Objective: Analyze the accessibility of PCI clinics in the Ontario Health West region using QGIS. Perform network analysis, and create a choropleth map showing changes in drive time. Recommend a new PCI facility location.
Context:
PCI (Percutaneous Coronary Intervention) Clinics: PCI clinics are specialized medical facilities equipped to perform. percutaneous coronary interventions, commonly known as angioplasty. This procedure is used to open clogged heart arteries, typically involving the insertion of a balloon-tipped catheter to enlarge the artery, and often the placement of a stent to keep it open. PCI is essential in treating coronary artery disease, preventing heart attacks, and improving overall heart function.CorHealth Ontario is an organization of experts that directs cardiac and stroke services in Ontario. This organization recommends that all residents of Ontario have access to a PCI clinic within a 60-minute drive. This is because from the time that symptoms are apparent, a patient has a window of 60-minutes to receive care before significant damage is done to their body. The goal of this tutorial is to understand which communities in the Ontario Health West region are outside of this guideline drive time and identify the hospital that does not have a PCI clinic that should be recommended for this investment.
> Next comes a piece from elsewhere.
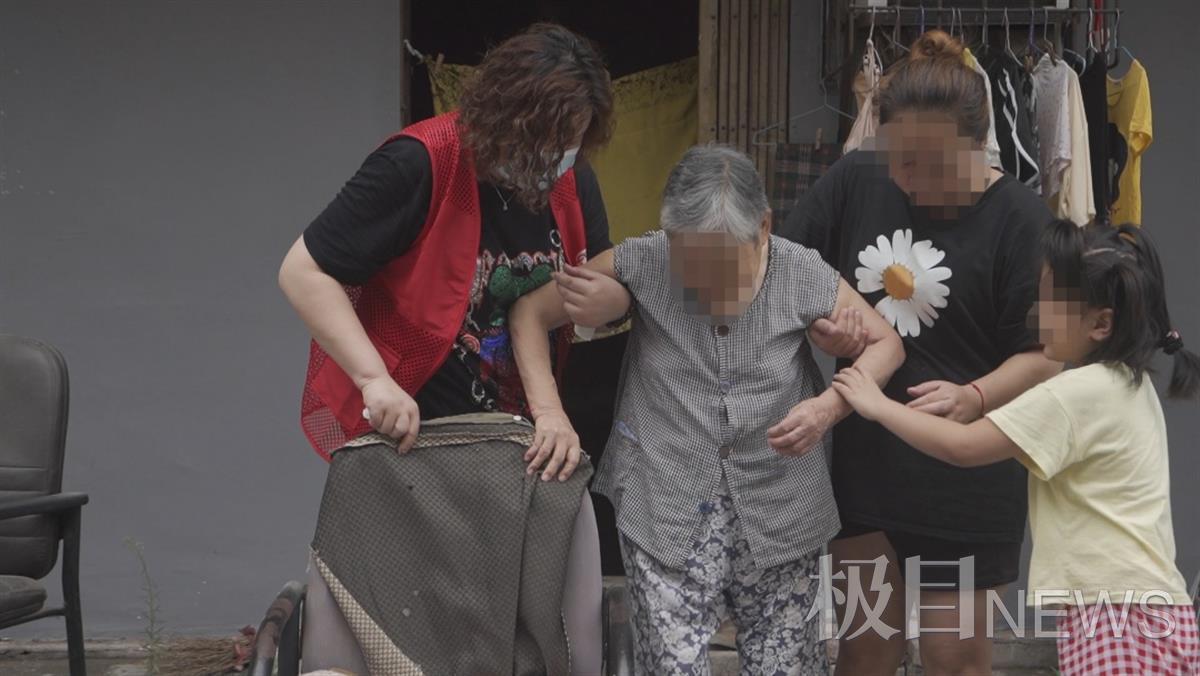 铺开地垫,摆好座椅,李玲和杨森又来到住在一楼的段婆婆家中。84岁的段婆婆腿部患有疾病,无法自主行走,段婆婆的女儿和李玲将老人搀扶到座椅上,杨森给老人系上围布,再次拿出了剃头剪。

Datasets (download directly from the Quercus modules section as a .zip folder):
1. Ontario Ministry of Health List of Facilities (provider locations):
https://geohub.lio.gov.on.ca/datasets/d67220ebba164afa9cf38c0f525f2c0a/explore
(original file and reference file)
2. Population Count by Census Subdivision (CSD):
https://www12.statcan.gc.ca/census-recensement/2021/dp-pd/prof/details/download- telecharger.cfm?Lang=E
3. CSD Boundary File:https://www12.statcan.gc.ca/census-recensement/2021/geo/sip-pis/boundary-limites/index2021-eng.cfm?year=21
4. Ontario Health Regions Boundaries:https://data.ontario.ca/dataset/ontario-s- health-region-geographic-data
Step 1: Importing and Preparing Data
Download the zipped folder of data for Lab 3 from Quercus under Module 6 and 7.
Check the data and ensure that any shapefiles that are in a .zip folder are extracted so they are accessible.
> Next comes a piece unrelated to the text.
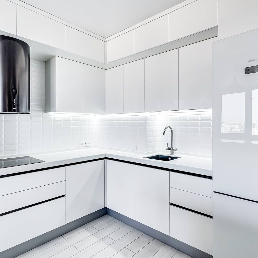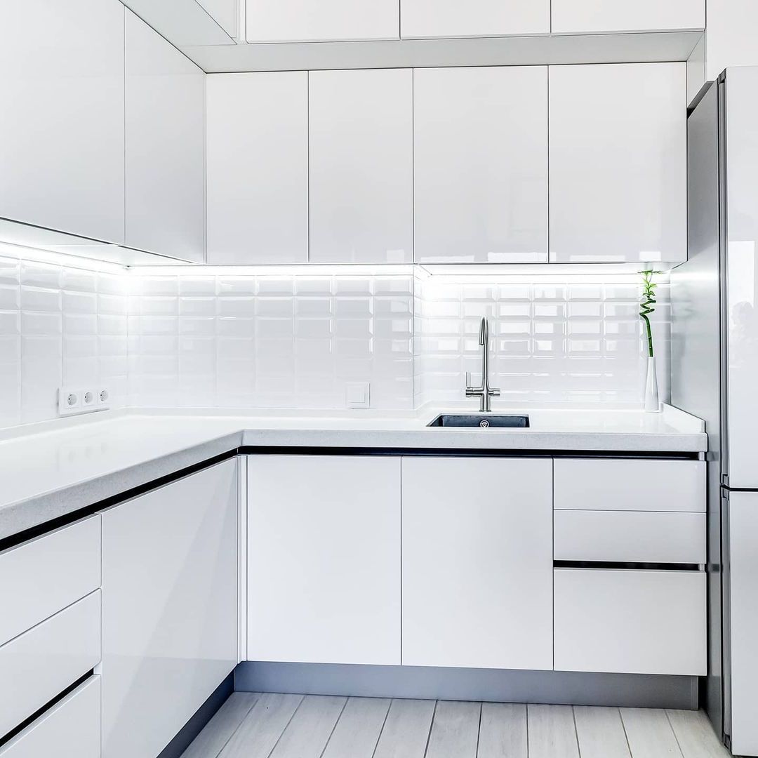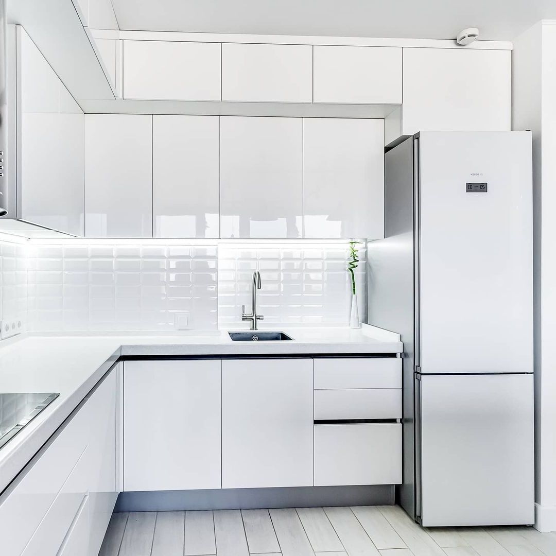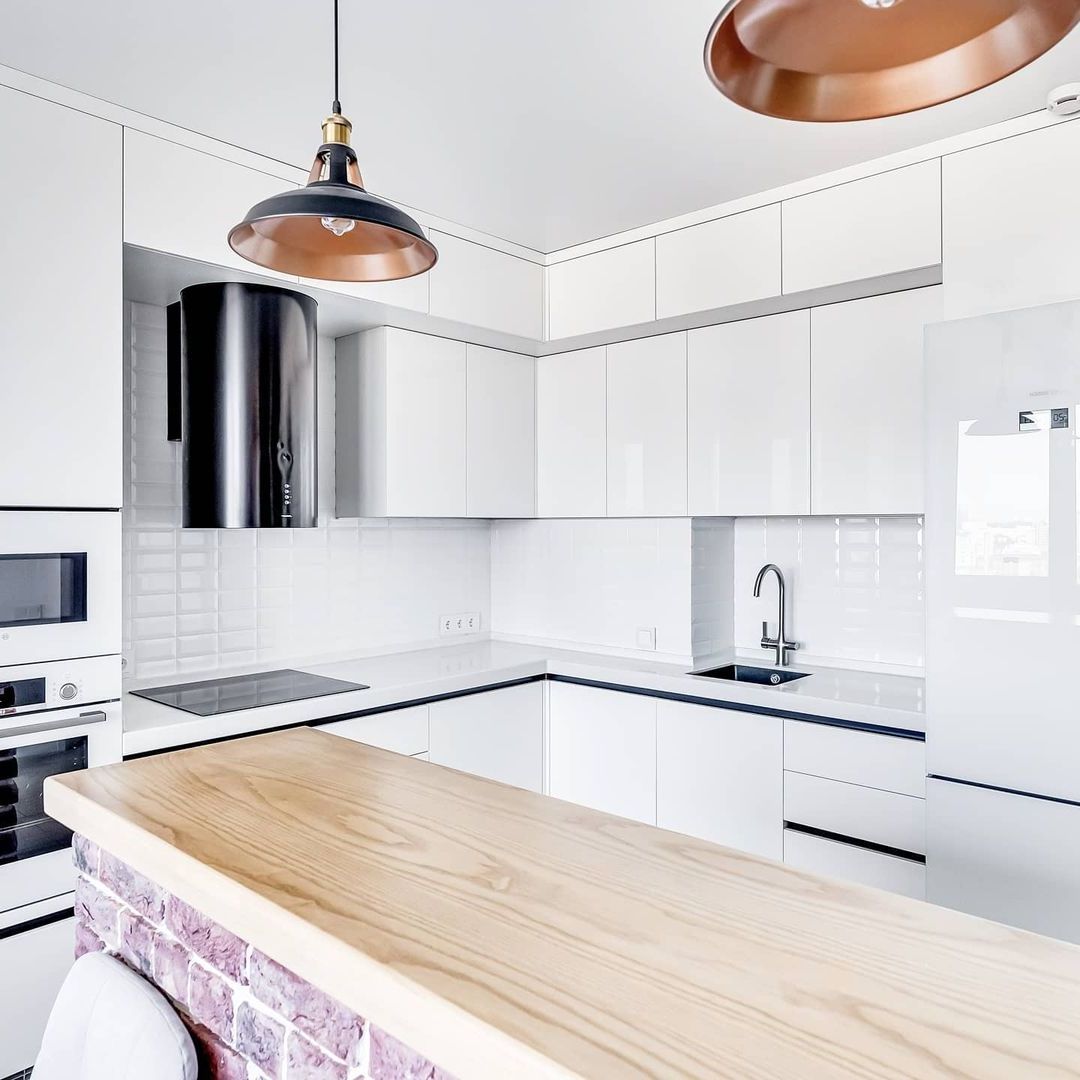 Можно сказать, что рабочая зона на кухне занимает всю её площадь. Отчасти это так, но у каждой зоны свои задачи — мытье продуктов и посуды, хранение, подготовка, приготовление. И если от варочной поверхности или классических шкафов в отдельных кухнях можно отказаться, то пустая столешница для нарезки и других манипуляций нужна всем. Золотой стандарт: даже в самой крошечной кухне она не должна быть меньше 50 см шириной. Соблюдение этого расстояния гарантирует комфорт во время работы.

Preparing and Cleaning the Datasets:
1. Load the files into QGIS
a. You can click, drag, and drop files into QGIS from the file explorer
directly. To drag and drop shapefiles, select the .shp file. For adding files through the GUI, follow steps b onwards.
b. You can load data by clicking on the Layer menu drop down and follow the selection path Layer > Add Layer > Add Vector Layer (or “Add
Delimited Text Layer” for the .csv files)
c. In the Data Source Manager dialog that appears, ensure that the
“Vector” tab is selected (or “ Delimed Text” for the .csv files). For Source Type, choose “ File”
d. Click the “ …” button next to the file name/datasets field.
e. In the file browser dialog, navigate to the location of the file and select to add it
f. For the .csv files: ensure the correct delimiter (commas) is selected under the “ File Format” section.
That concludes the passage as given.